31052006_Dr_LEE_Jong-wook2Q.jpgDr LEE Jong-wook, Director-General of the World Health Organization, died on the 22nd May, following a short illness. Dr Lee had been director-general since 2003. Dr Lee, a national of the Republic of Korea, was a world leader in public health. 'He tackled every challenge with passion, dedication and professionalism', said the WHO.

Dr Lee worked for 23 years at WHO, in technical, managerial and policy positions, and was the first person from the Republic of Korea to lead a UN agency. 

When Dr Lee Jong-wook took over the leadership of the World Health Organisation he made HIV his number one target. Soon after his appointment in January 2003, he launched the Three by Five programme. The plan was to get 3m people in the poorest parts of the world on to HIV drugs by the end of 2005.  Many argue that the failure to reach this target should not cloud the strong leadership shown by Dr Lee in the last two years. The target was always acknowledged to be very ambitious and in some ways the failings were out of his hands. 

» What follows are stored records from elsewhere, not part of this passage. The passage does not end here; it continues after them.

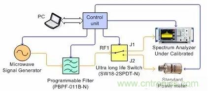 在圖1中,微波信號(hào)發(fā)生器所產(chǎn)生的信號(hào)經(jīng)過一個(gè)可編程的帶通濾波器到達(dá)一個(gè)SPDT微波開關(guān)的輸入端(RF1),開關(guān)的二個(gè)輸出端J1和J2分別接需要被校準(zhǔn)的頻譜分析儀和標(biāo)準(zhǔn)功率計(jì)。在校準(zhǔn)測(cè)試過程中,功率計(jì)讀一次來自信號(hào)源的幅度后,開關(guān)即刻切換到頻譜分析儀,并記錄頻譜分析儀針對(duì)信號(hào)源幅度的讀數(shù)。
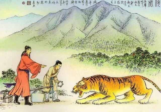 他们走了不大一会儿,忽然一只猛虎大叫一声,从松林里跑出来,直扑毛驴,用两只前爪将毛驴压倒在地,张开血盆大口,吃掉了这头毛驴。
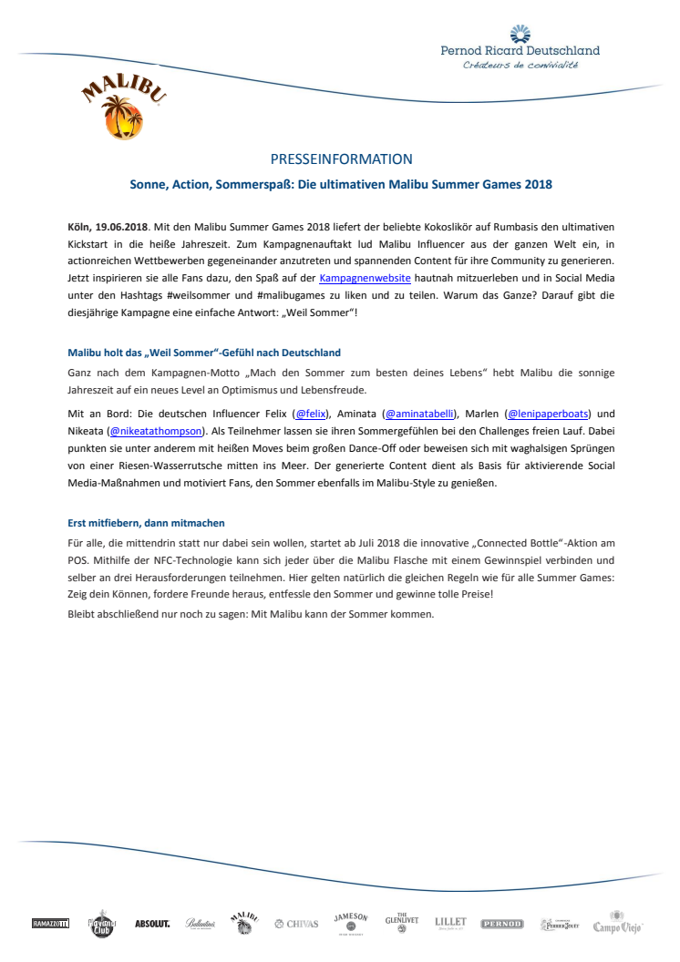 Köln, 19.06.2018. Mit den Malibu Summer Games 2018 liefert der beliebte Kokoslikör auf Rumbasis den ultimativen Kickstart in die heiße Jahreszeit. Zum Kampagnenauftakt lud Malibu Influencer aus der ganzen Welt ein, in actionreichen Wettbewerben gegeneinander anzutreten und spannenden Content für ihre Community zu generieren. Jetzt inspirieren sie alle Fans dazu, den Spaß auf der Kampagnenwebsite hautnah mitzuerleben und in Social Media unter den Hashtags #weilsommer und #malibugames zu liken und zu teilen. Warum das Ganze? Darauf gibt die diesjährige Kampagne eine einfache Antwort: „Weil Sommer“!
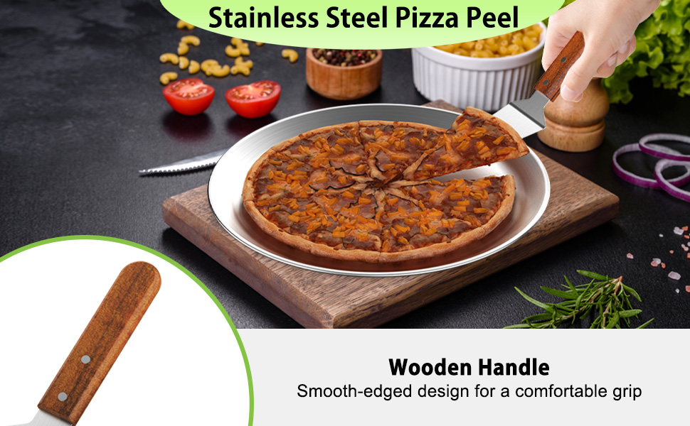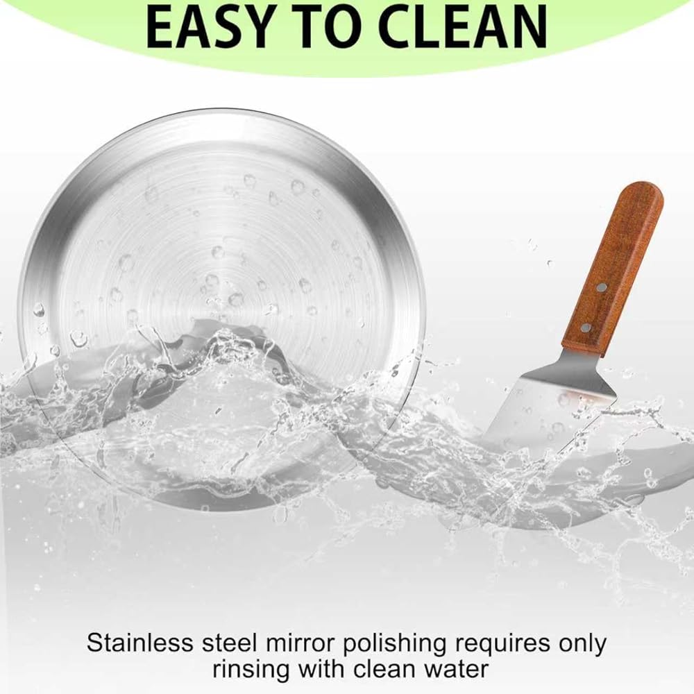 Pizza Pan Riser Stands Kit - Includes 4 metal pizza table stands, 4 stainless steel pizza pans, and 2 wooden-handled pizza servers for restaurants, bars and cafe settings, or for the enthusiastic at home chef
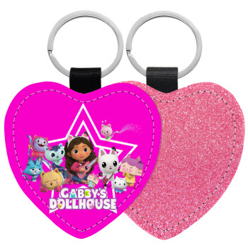 Gabby Dollhouse, Μπρελόκ PU δερμάτινο glitter καρδιά ΡΟΖ
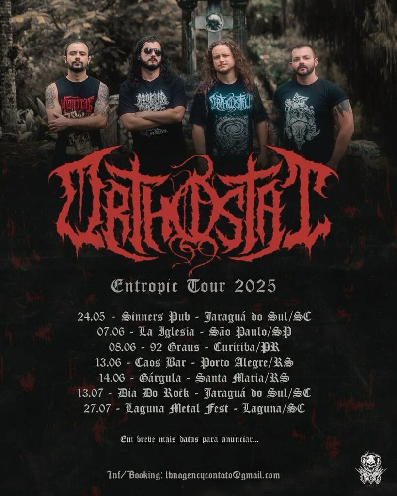 Confirme supracitado o ORTHOSTAT vai cruzar estradas em 2025. A banda anunciou oficialmente sua nova turnê, intitulada ‘Entropic Tour 2025’, revelando o cartaz oficial e as primeiras datas, que incluem shows em Santa Catarina, São Paulo, Paraná e Rio Grande do Sul. A turnê está sendo organizada pela LBN Agency, responsável também por agenciar as propostas de novas datas. Confira:

But the two years he spent in office were dominated by the spread of bird flu, or avian influenza, through Asia, Europe and Africa. Under Dr Lee's leadership, the WHO has been co-ordinating the global response to human cases of the H5N1 strain of bird flu and monitoring the threat of an influenza pandemic, in case the virus should mutate into a strain easily spread among people. Under Dr Lee's tenure, the WHO has been quick to warn of the danger posed by the bird flu virus mutating with a human version.